Task directions: Pictures must not appear in the copy. Restate exactly the lines below from the one with "总而言之,中心化智能路由策略" through the one with "體育資訊10月7日訊 日前,Squawk", inclusive.

Supplied data:

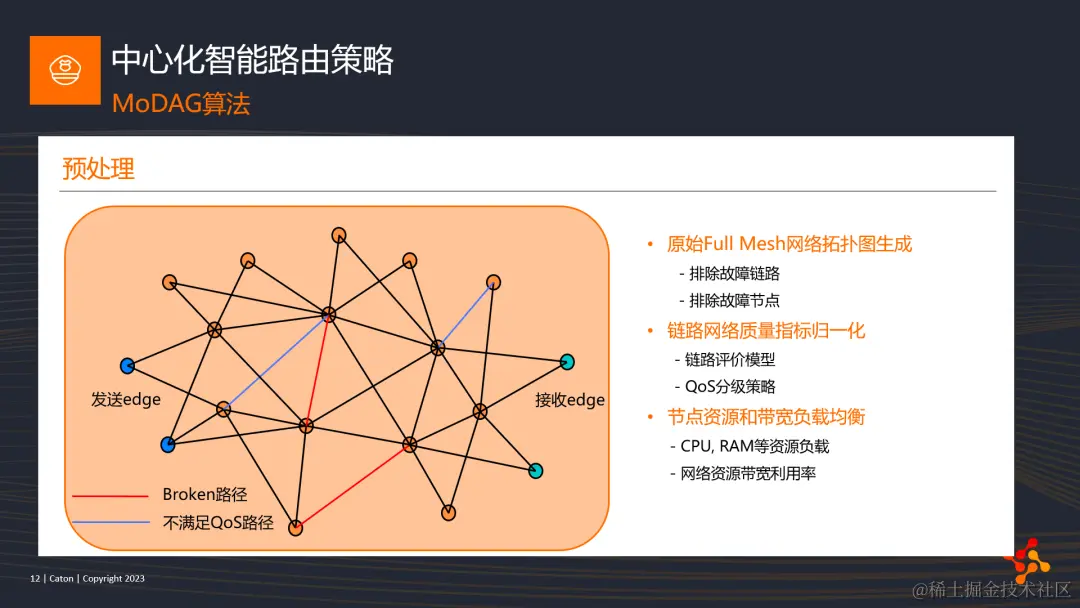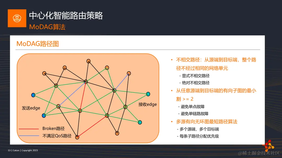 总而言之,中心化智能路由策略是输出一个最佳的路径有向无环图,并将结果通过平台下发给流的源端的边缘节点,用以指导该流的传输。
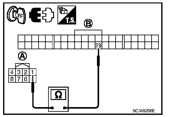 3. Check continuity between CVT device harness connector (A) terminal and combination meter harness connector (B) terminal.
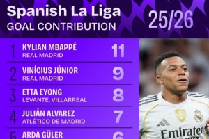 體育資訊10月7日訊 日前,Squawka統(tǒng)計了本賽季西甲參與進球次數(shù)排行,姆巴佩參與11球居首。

==

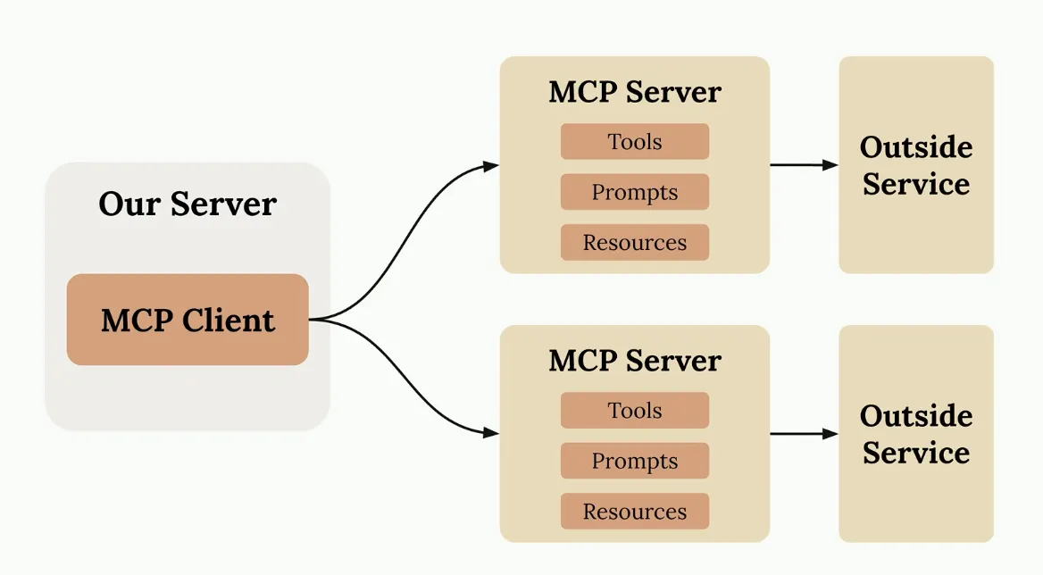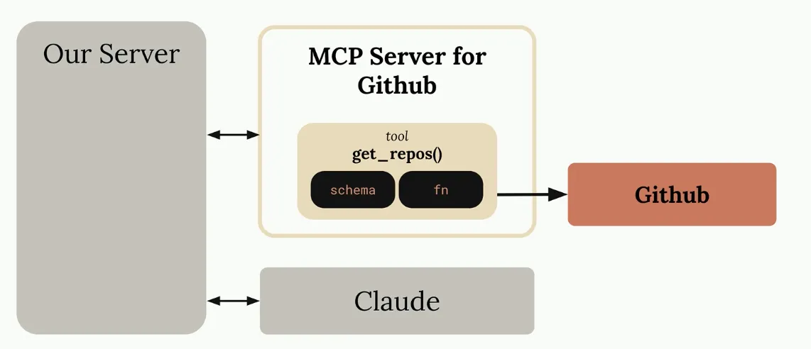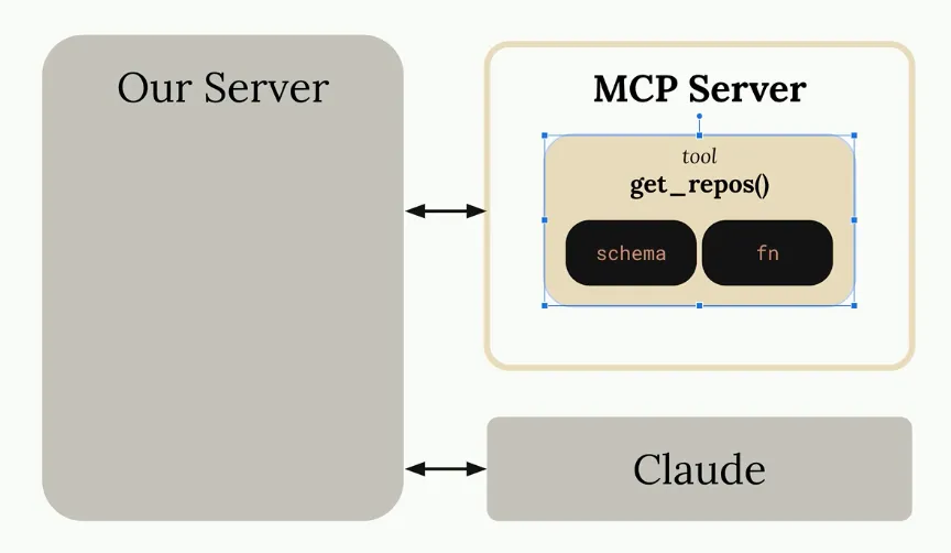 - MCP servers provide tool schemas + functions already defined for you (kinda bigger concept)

Exercise solution:
 总而言之,中心化智能路由策略是输出一个最佳的路径有向无环图,并将结果通过平台下发给流的源端的边缘节点,用以指导该流的传输。
 3. Check continuity between CVT device harness connector (A) terminal and combination meter harness connector (B) terminal.
 體育資訊10月7日訊 日前,Squawka統(tǒng)計了本賽季西甲參與進球次數(shù)排行,姆巴佩參與11球居首。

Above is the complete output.